Copy all the lines of the listing below exactly. Skip the images.

## Given data
-- Opening Marker --

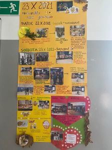2-dniowy biwak w szkole połączony z lokalną imprezą „Święto Pieczonego Ziemniaka”- 22-23.10.2021. Przyrzeczenie DH W.Mączka i DH Sz.Goździaszka, wybór „Kartoflanego Króla z okazów ziemniaków- 1 m. R.Przestacki kl.3, 2 m.M.Prześlica kl.8. i 3m. J.Hajdysz...
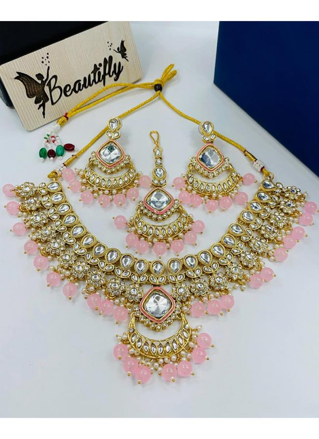 Wedding Wear Pink Heavy Polki Kundan With Pearl Drops Necklace Set
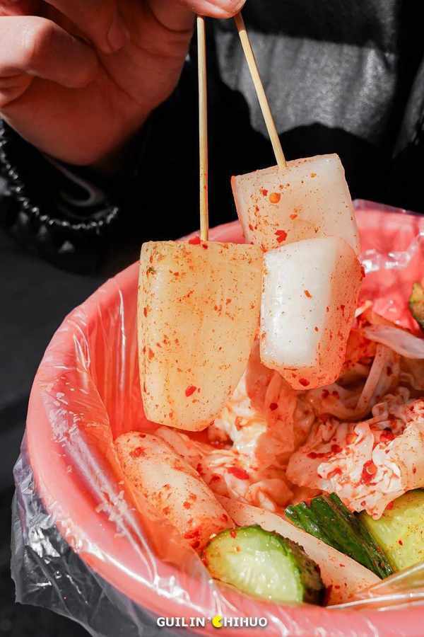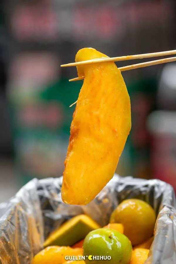 如果需要一個學名,那大概就是“酸嘢”,英雄難過美人關,美人難過酸嘢攤,隻要天氣稍微暖和一點,桂林的大街小巷就會憑空長出許多賣酸的小車車,總有一個要吸引你停下來。

-- Closing Marker --

## Response to the task
2-dniowy biwak w szkole połączony z lokalną imprezą „Święto Pieczonego Ziemniaka”- 22-23.10.2021. Przyrzeczenie DH W.Mączka i DH Sz.Goździaszka, wybór „Kartoflanego Króla z okazów ziemniaków- 1 m. R.Przestacki kl.3, 2 m.M.Prześlica kl.8. i 3m. J.Hajdysz...
 Wedding Wear Pink Heavy Polki Kundan With Pearl Drops Necklace Set
 如果需要一個學名,那大概就是“酸嘢”,英雄難過美人關,美人難過酸嘢攤,隻要天氣稍微暖和一點,桂林的大街小巷就會憑空長出許多賣酸的小車車,總有一個要吸引你停下來。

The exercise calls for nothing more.